There is never only just one reason why acts of intimidation or bullying occur. Bullying has to do with complex processes where the background and reasons can be found on multiple levels.

In order to prevent bullying, it’s important to understand the background and reasons why harassment and other acts of intimidation occur. Every case of bullying is unique and needs to be analyzed from different perspectives. In order to understand a situation of bullying, it’s important to have different perspectives: the individual’s, group’s, organization’s and society’s. In our experience, many schools get stuck in the individual’s perspective and solely look for causes and triggers found in the victim or the person victimizing. Our view is that we need to lift our gaze and also look at other things, such as the sense of safety in the group, the organization’s leadership or norms in society in order to get the full picture.

A Norm-Critical Approach

In order to understand the causes of harassment and other acts of intimidation, it’s important to have a norm-critical approach.
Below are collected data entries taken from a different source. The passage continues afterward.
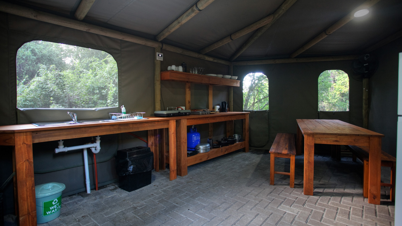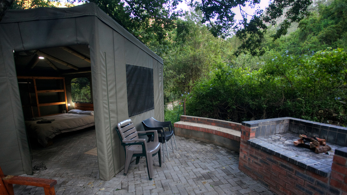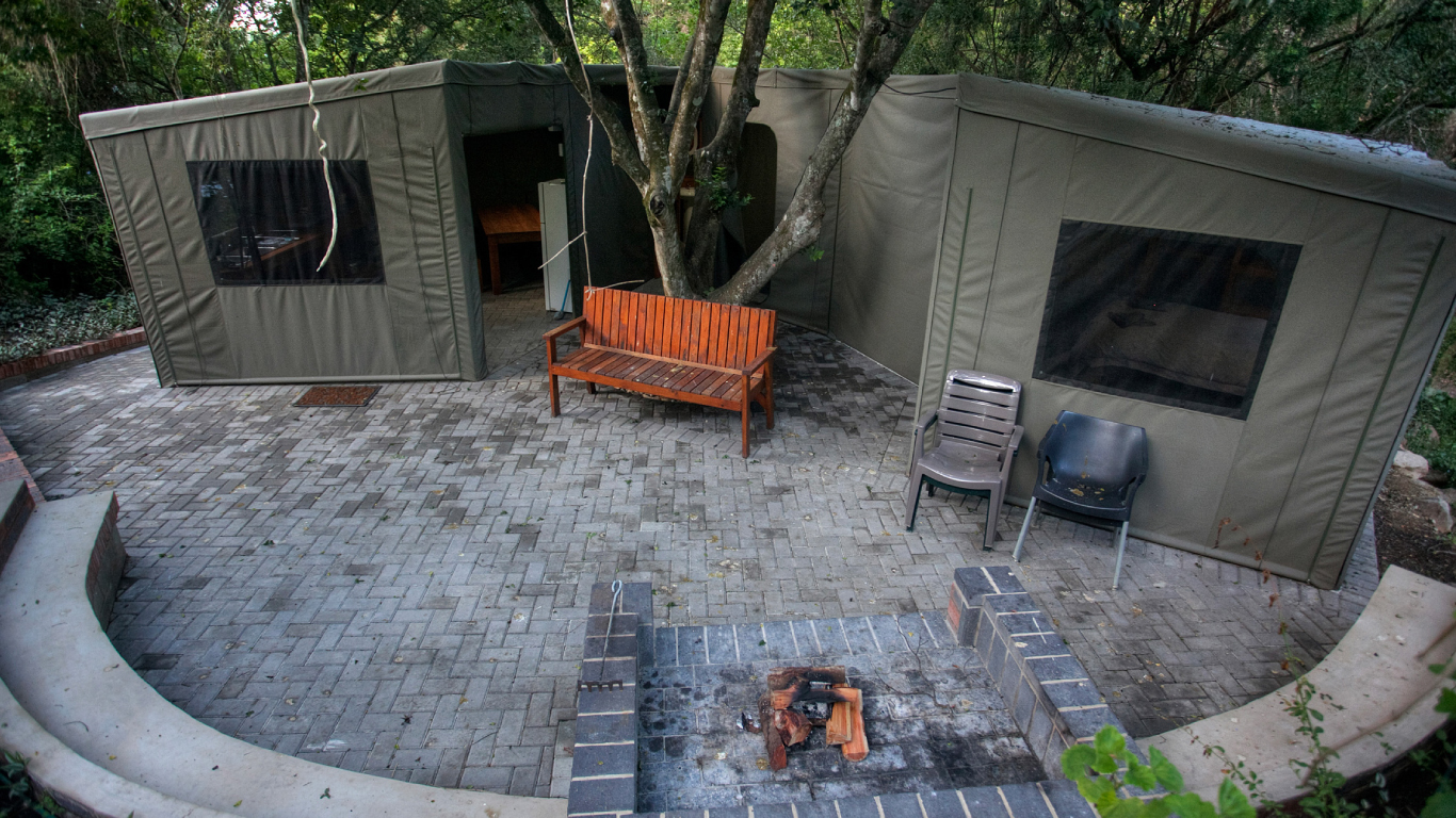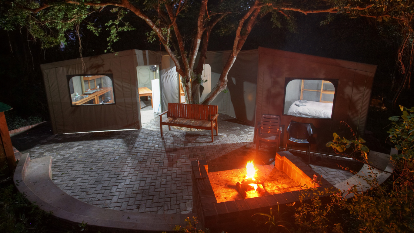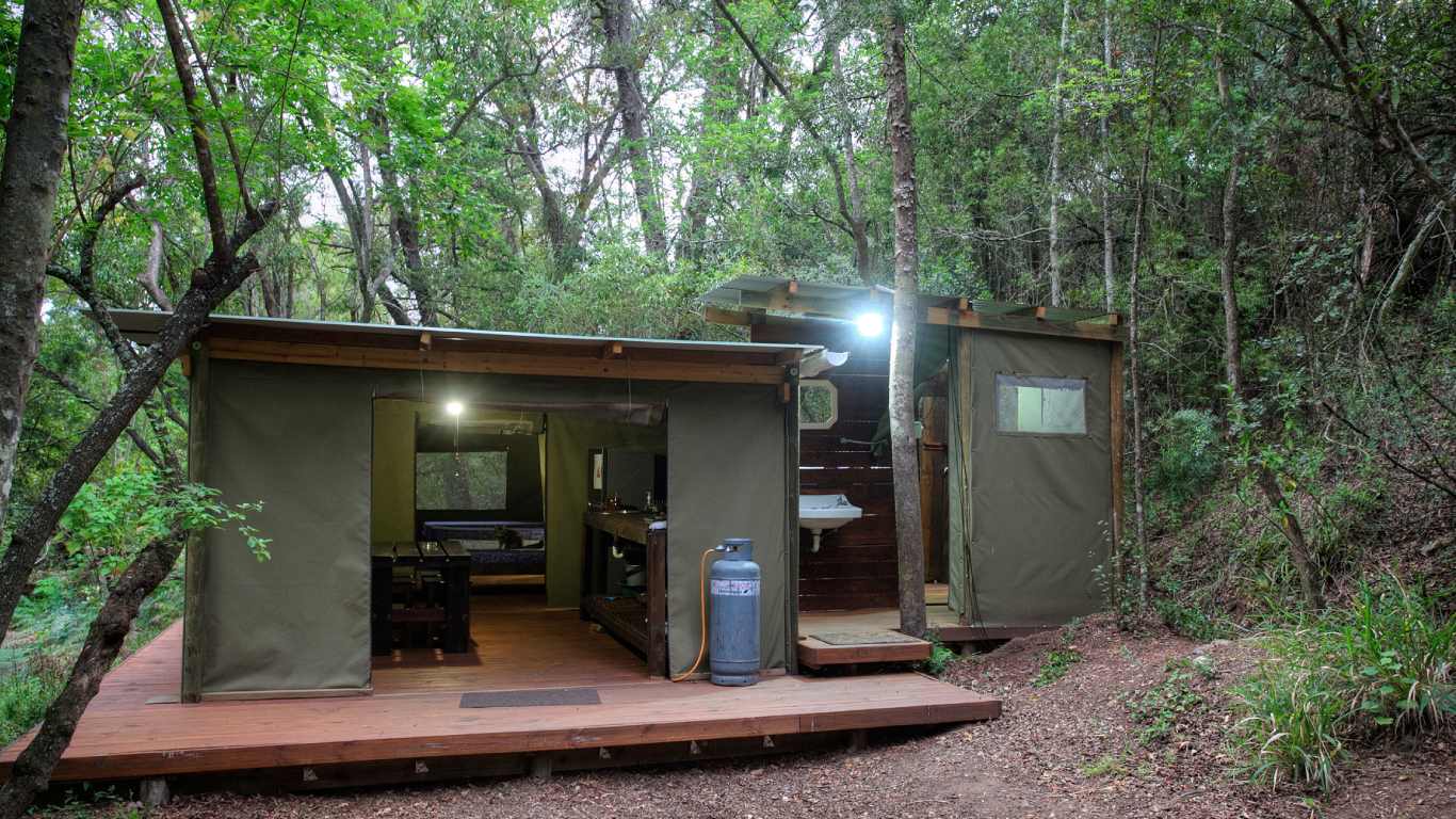 The four tents are located in indigenous bush under huge yellow wood trees next to a stream it is the ideal spot to relax away from the normal hustle and bustle.
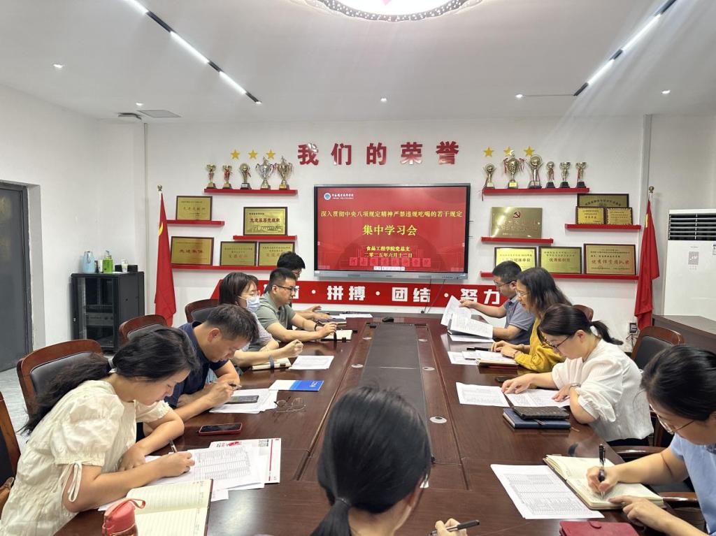 6月12日下午,学校食品工程学院党总支在学院会议室开展了深入贯彻中央八项规定精神、严禁违规吃喝的集中学习会。此次会议由党总支书记王延东主持,学院全体党员教师参与。
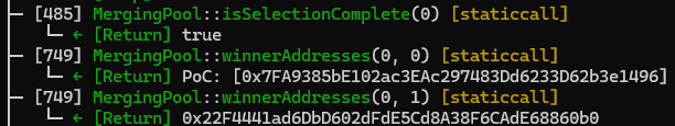 assertEq(_mergingPoolContract.winnerAddresses(0, 1) == _DELEGATED_ADDRESS, true);
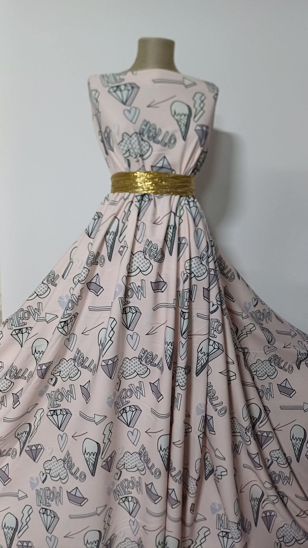 Stofa Barbi HELLO, Roz cu imprimeu gri/negru, plină, elastica se lucrează bine și de către incepatori, nu se destramă, nu necesită căptuseala, nu se sifoneaza, ideala pentru rochii, fuste, taioare.
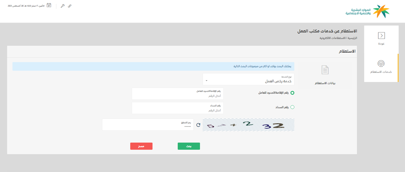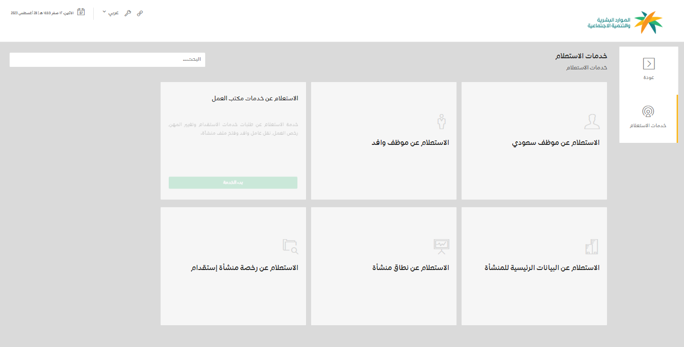 - اختر من هذه القائمة "الاستعلام عن خدمات مكتب العمل".
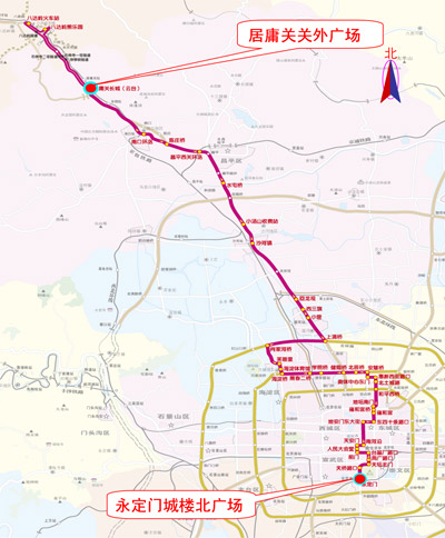 12時50分起,演練路線由永定門至八達嶺高速公路上清橋,按照演練行進方向將適時對兩條機動車道進行交通管理。
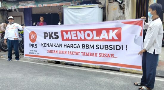OKU Selatan Sumsel–DPD PKS Kabupaten OKU Selatan menyatakan sikap tegas penolakan terhadap kenaikan harga bahan bakar minyak (BBM) subsidi. Mereka pun menggelar
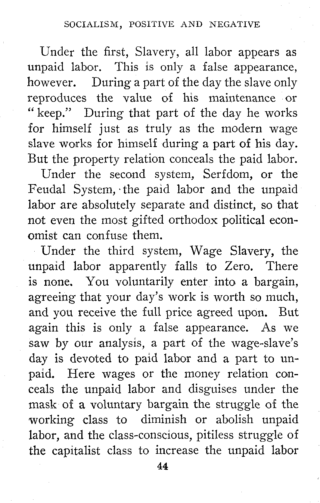 Under the third system, Wage Slavery, the unpaid labor apparently falls to Zero. There is none. You voluntarily enter into a bargain, agreeing that your day's work is worth so much, and you receive the full price agreed upon. But again this is only a false appearance. As we saw by our analysis, a part of the wage-slave's day is devoted to paid labor and a part to unpaid. Here wages or the money relation conceals the unpaid labor and disguises under the mask of a voluntary bargain the struggle of the working class to diminish or abolish unpaid labor, and the class-conscious, pitiless struggle of the capitalist class to increase the unpaid labor[45] and reduce the paid labor to the minimum, i. e., to or below the level of bare subsistence. In other words the Wage System conceals the Class Struggle.
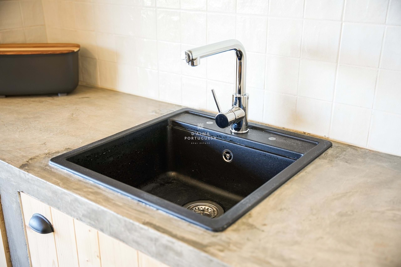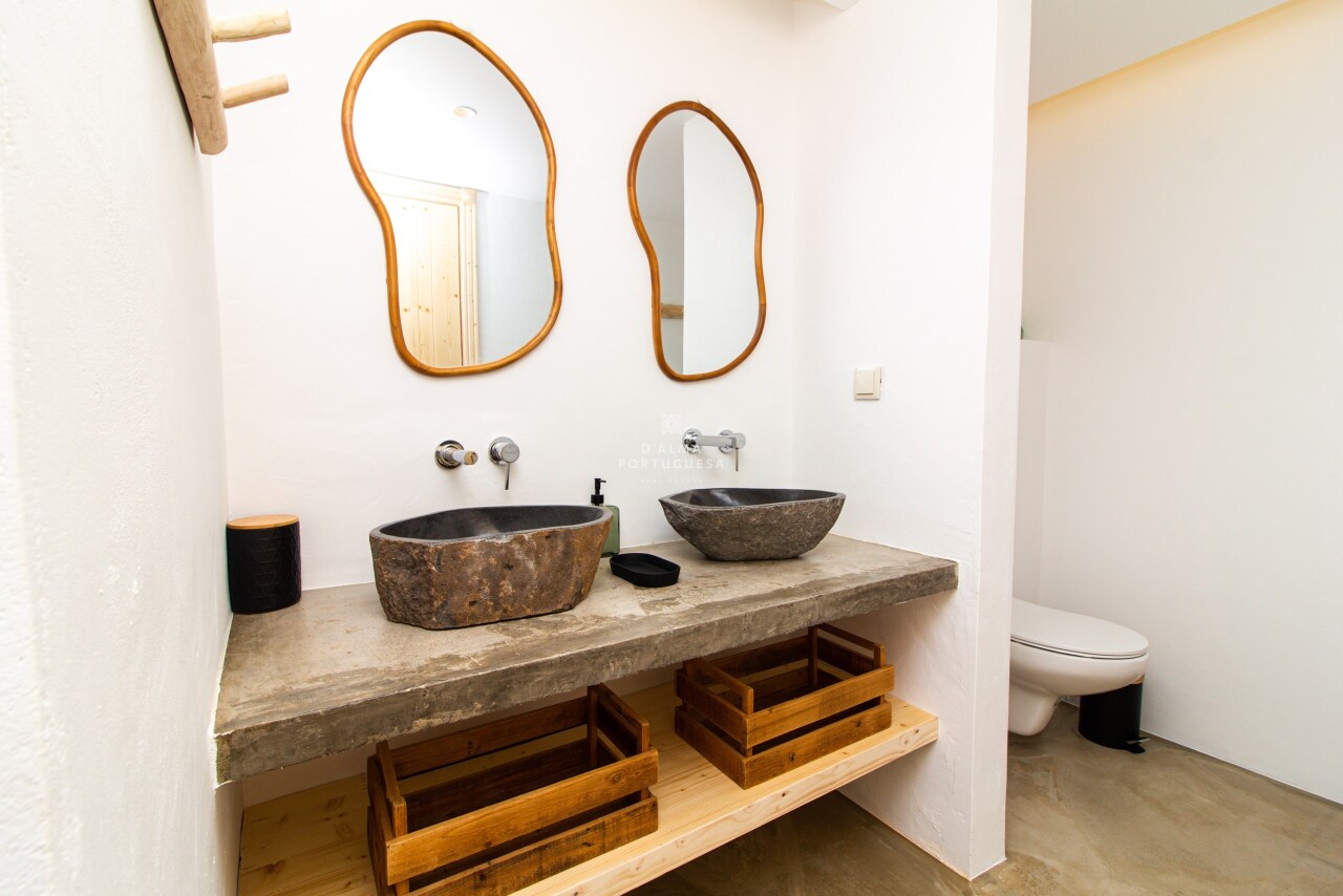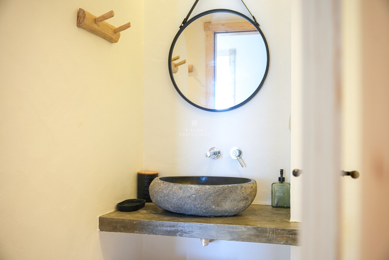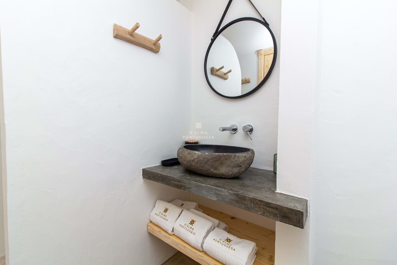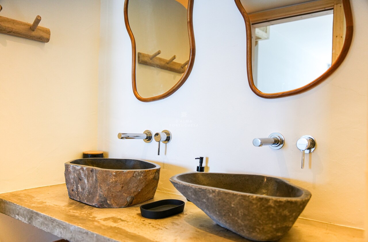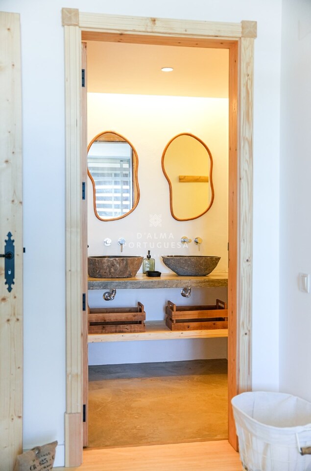 The microcement details on the countertops add an organic and modern texture, while the lime mortar on the walls of some spaces provides a feeling of freshness and authenticity in every corner.

In The Friends Report, many children share that the harassment they experience is linked to several different things, such as their hobbies, their taste in music, their style of clothing, or what sport they’re interested in. Often, the behavior stems from invisible and unwritten rules: norms that dictate which hobbies and interests girls and boys are expected to have, what clothes they’re expected to wear or what music they’re expected to listen to. Those who depart from the norm in some way risk being victimized.

Schools & Norms

These invisible rules that limit children and young people’s behavior and expression exist on multiple levels. For example, a school or class may have a norm that expects people to have a certain style of clothes or listen to a certain type of music, and this can differ significantly from the norm in another school. As a school, it is therefore extremely important to analyze what norms exist in your particular school. Then you will be able to reflect and critically examine these norms. In this way, you can work to broaden or remove the norms that limit people and cause injustice, instead working to establish norms that create an inclusive environment where everyone is free to be themselves.